Cheese Babka - #BreadBakers

Most delicious bread ever.

I know that's a bold statement but trust me on this one. This bread is amazing. My only complaint is that I did not make 2 loaves. I certainly did not want to share this one and my mother felt the same. When my sister-in-law asked if I'd made bread, my mother handed her a loaf of supermarket bread. You can't hide anything from my brother so he found the babka stashed in a curio cabinet and quietly enjoyed his slice. He didn't share with my sister-in-law either.

We're evil. One of these days I'll make her some bread just for her. She won't need to share with us.

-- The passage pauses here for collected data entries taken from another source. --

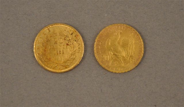 VINGT FRANCS OR, 2 pièces : 1858, 1910.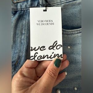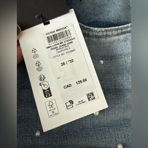 BNWT Vero Moda Straight Leg Pearl Embellished Jean, size 28.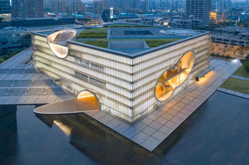 坐落于上海嘉定新城中心区,面向生态美境远香湖,由享誉世界的建筑大师安藤忠雄设计,以建筑形态与自然环境无间融合为设计理念,水、风、光等自然元素在简单的几何空间中交融并织,幻变出丰富的光影层次,引人遐思。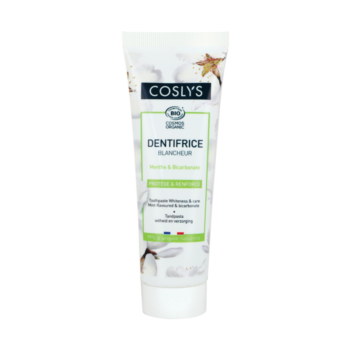 Chứng nhận hữu cơ Ecocert Chứng nhận Hữu cơ bởi Cosmos Organic ️Thương hiệu: Coslys - Pháp Kem đánh răng hữu cơ làm trắng răng hương hoa Coslys với mùi hương hoa cỏ ngọt, thành phần được làm giàu với bicarbonate và lô hội sẽ nhẹ nhàng đánh bóng răng, đồng thời củng cố men răng.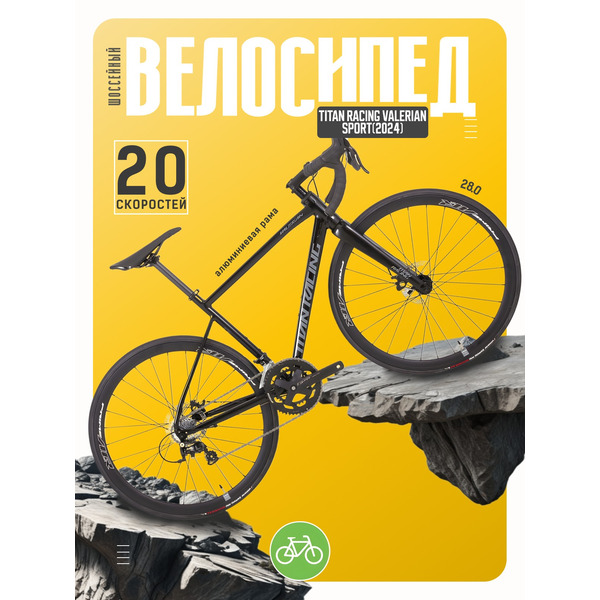 Шоссейный велосипед Titan Racing Valerian Sport, год 2024, цвет Черный, ростовка 18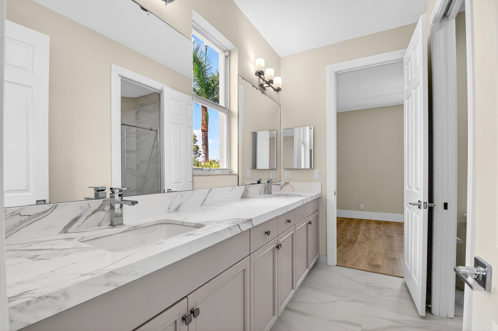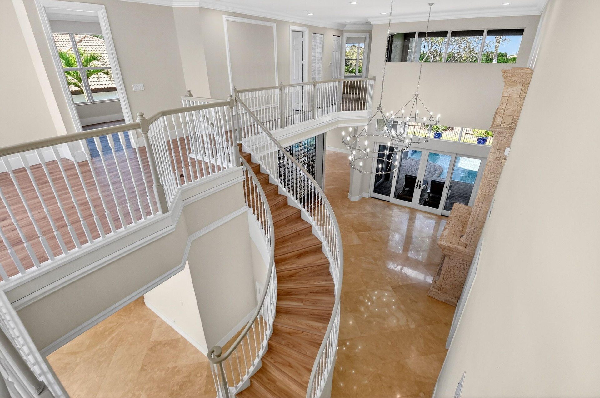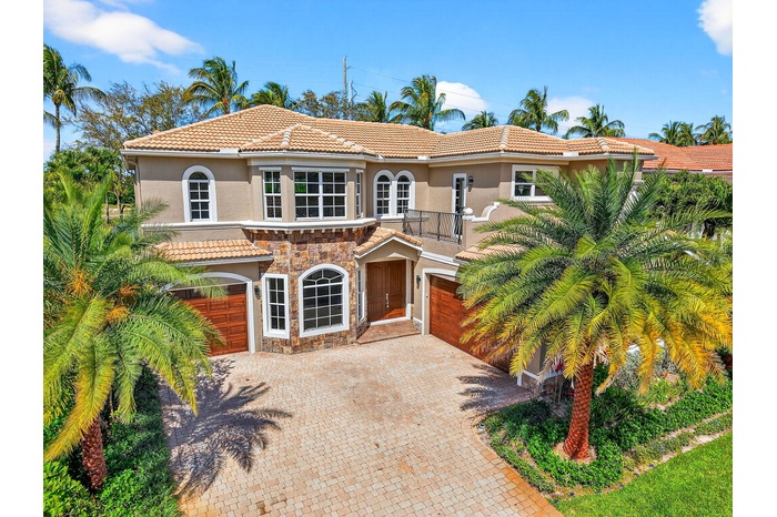 Welcome to an exceptional fully renovated estate residence offering 6 bedrooms, 4.5 bathrooms, approximately 4,223 square feet of living space, and a 3-car garage, all set on an oversized estate lot in one of Boynton Beach's most desirable communities. This home has been thoughtfully and extensively renovated, delivering timeless elegance, modern sophistication, and outstanding value. Step outside to your private resort-style retreat, featuring a heated pool and spa, expansive patio, covered gazebo, lush tropical landscaping, and a fully fenced yard, creating an ideal setting for both grand entertaining and everyday relaxation. At the heart of the home is the designer chef's kitchen, showcasing a brand-new 2026 GE Profile stainless steel appliance package (See More) At the heart of the home is the designer chef's kitchen, showcasing a brand-new 2026 GE Profile stainless steel appliance package (all under warranty), including a refrigerator, double oven, microwave, dishwasher, and 36-inch flat induction cooktop. Quartz countertops with a full-height backsplash, dramatic waterfall-edge center island, and exceptional storage make this space as functional as it is stunning. A statement 96-bottle glass-enclosed wine display, paired with a 46-bottle wine cooler with humidity control and dedicated refrigerator, elevates the kitchen to true entertainer's caliber. The first-floor primary suite serves as a serene private sanctuary, offering two spacious walk-in closets and a spa-inspired bath with porcelain flooring, quartz vanities, a freestanding soaking tub, glass-enclosed walk-in shower, and a separate water closet with bidet. Throughout the home, refined finishes include brand-new interior and exterior paint, new flooring, 7-inch baseboards, and designer light fixture upgrades with LED recessed lighting in the main living areas. Architectural details impress with a grand formal entry and soaring 20+ foot ceilings, an elegant circular staircase, decorative fireplace, marble flooring on the main level, and luxury wood-look plank flooring throughout the upper level. Completing the interior is a well-appointed laundry room featuring butcher block countertops, shaker-style cabinetry, and a new Samsung washer and dryer (2026). Additional features include: • Second-floor balcony • Impact windows on the second floor • Split 3-car garage • Lennox (2019) and Carrier (2018) A/C systems - under warranty This is a rare opportunity to own a fully renovated estate of this size and caliber for a fraction of the cost of new construction—a truly turnkey luxury offering.

If you're a cheese lover, this month's Bread Bakers is just for you. Our host Sue chose cheese as the theme and lots of deliciousness awaits you - just scroll down to see the list.

Cheese Babka
Yield: 1 loaf 
Dough adapted from Bon Appetit

300-360 grams flour
2 teaspoons instant yeast
1 1/2 teaspoon salt
1 teaspoon sugar
2 eggs, beaten
1/2 cup milk
7 tablespoons butter

3 cloves of garlic, minced
2 tablespoons butter, melted
1/2 cup finely sliced escallion
2 tablespoons fresh thyme
6 oz cheese, grated (I used aged cheddar and mozzarella)
1 teaspoon red pepper flakes


Whisk together flour, yeast, salt, and sugar. Add the eggs and milk and mix together until the dough just starts to come together. Knead in butter one tablespoon at a time until  the dough is smooth, elastic and very tacky - about ten minutes. I found that with only 300 grams of flour per the original recipe, my dough was very wet and definitely needed more flour. Sprinkle in a little a time. You don't want a dry dough.
Place the dough in a greased bowl and allow to rise until doubled. You can also refrigerate overnight.

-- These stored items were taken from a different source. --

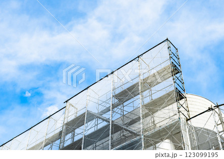 修繕工事中の建物に掛かる足場 高彩度コントラスト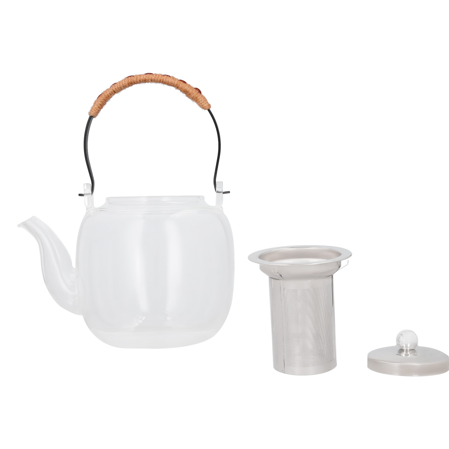 BALL Tetera de vidrio con infusor de acero inoxidable, tapa y asa metalica recubierta con cuerda.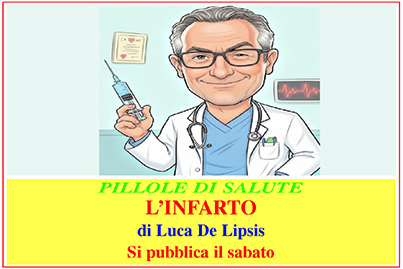 Luca De Lipsis dismette i panni del narratore di successo e rimette quelli, a lui oramai piu' che familiari, del medico. A partire da oggi alimentera' con la sua lunga esperienza di medico ospedaliero, la rubrica settimanale che ha voluto chiamare "Pillole di salute". Si comincia parlando di Infarto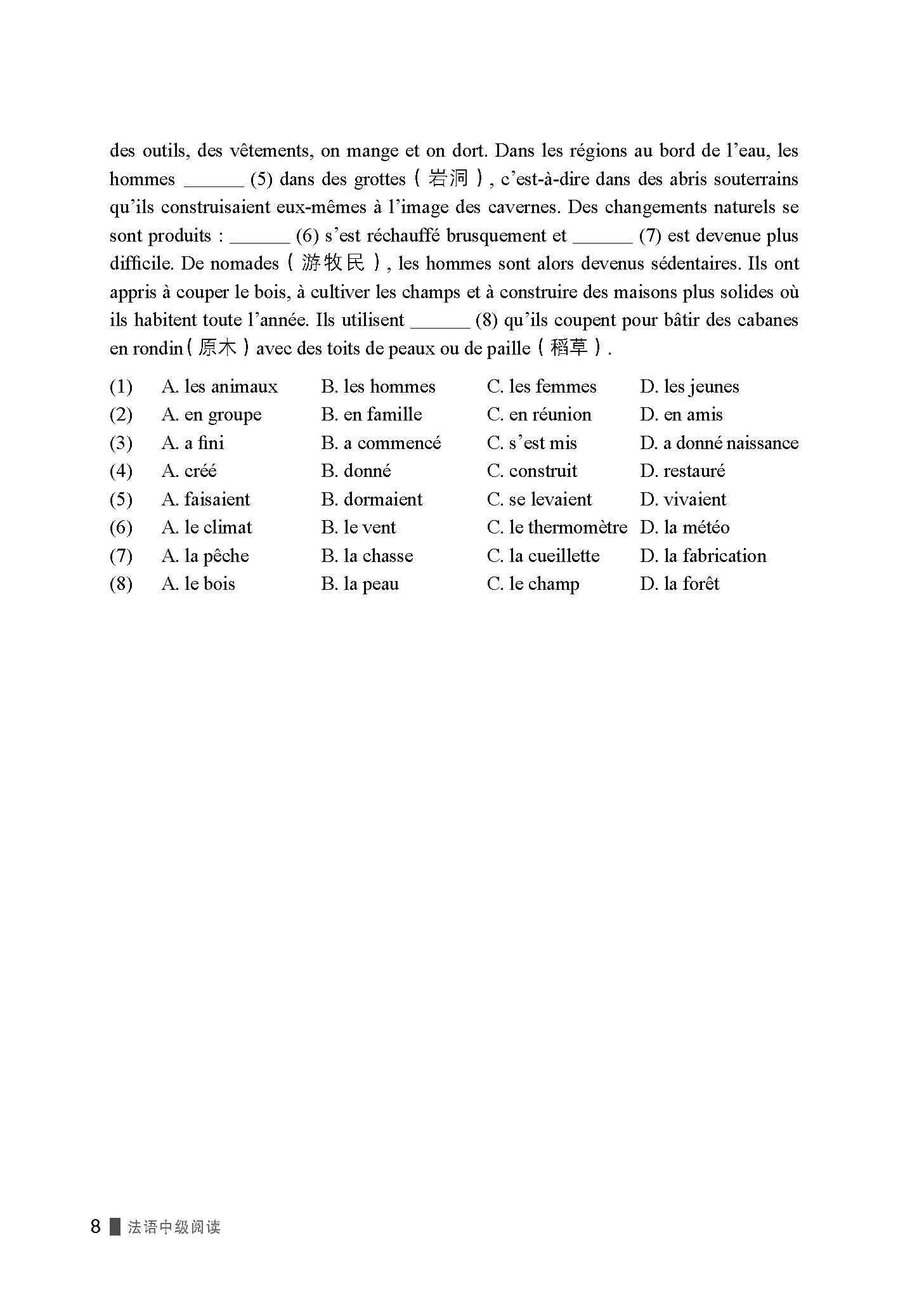 为了帮助学生进一步提高阅读能力,我们在《法语基础阅读》的基础上,仍本着通过语言习得更多知识,通过知识提高语言水平的原则,编写了这本《法语中级阅读(社会文化卷)》。该书选材广泛,覆盖面广,涉及历史、社会、文化、日常生活等诸多方面。全书分为六大部分。每篇文章后有词汇、语言难点注释以及各种不同形式的练习,并附有参考答案。为了使学生在提高阅读能力的同时,提高应试水平,我们根据专业四级考试中完型填空和阅读理解的题型设计了一些练习,希望对学生应对法语专业四级考试有所帮助。 本教材是为法语本科二、三年级学生所编。

When the dough is ready, line a loaf pan with parchment paper leaving about a 2 inch overhang to help you lift the bread out when it's baked.

Mix garlic and butter.

Roll out the dough to a 16" x 10" rectangle. Brush the garlic mixture over the dough. Top with escallion, thyme, cheese and red pepper flakes. Starting along a long side, roll the dough up tightly.

Use a serrated knife to slice down the length of the roll. All the layers will now be exposed. With the halves cut side up, place one half over the other to form an X. Next twist the ends on either side twice.  See here for pictures.

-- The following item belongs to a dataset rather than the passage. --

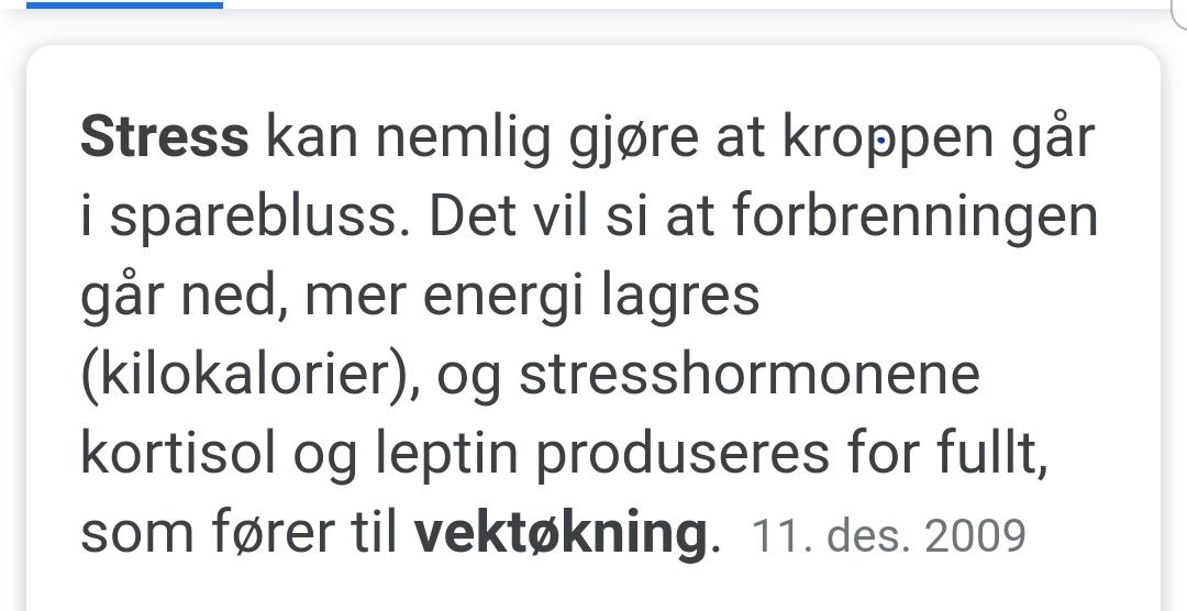 AnonymBruker Skrevet 6. november 2020 #20 Skrevet 6. november 2020 1 minutt siden, AnonymBruker skrev: når kortisolnivået stiger, føler du deg mer sulten. Spesielt blir du sugen på sukker og fett. Dermed er det ikke så rart at du spiser på deg et par–tre kilo ekstra i en stresset periode. Mange sliter også med å få nok søvn, noe som også øker appetitten. Anonymkode: 9f8dd...158 Hvis jeg bare dropper å spise så blir jeg slank igjen da? Anonymkode: 71f93...4a6

Place the dough into the prepared pan. Lightly cover and let rise until doubled.

When the dough is almost doubled, preheat the oven to 375F.

Bake until the top is golden brown - 25-35 minutes. Let cool in pan for 15 minutes then transfer to a wire rack to cool completely.

Enjoy your hard work!

  • Escallion = scallion. Sometimes. All this time I thought that escallion was just the way we spelt scallion. But a little googling made me realise they might be different plants that look and taste the same.
  • Don't despair if it seems like the dough is falling apart when you try to do the twists. Just smoosh it into the pan, it will still taste AMAZING.
  • 1 teaspoon of red pepper flakes is not even slightly spicy. Feel free to use more.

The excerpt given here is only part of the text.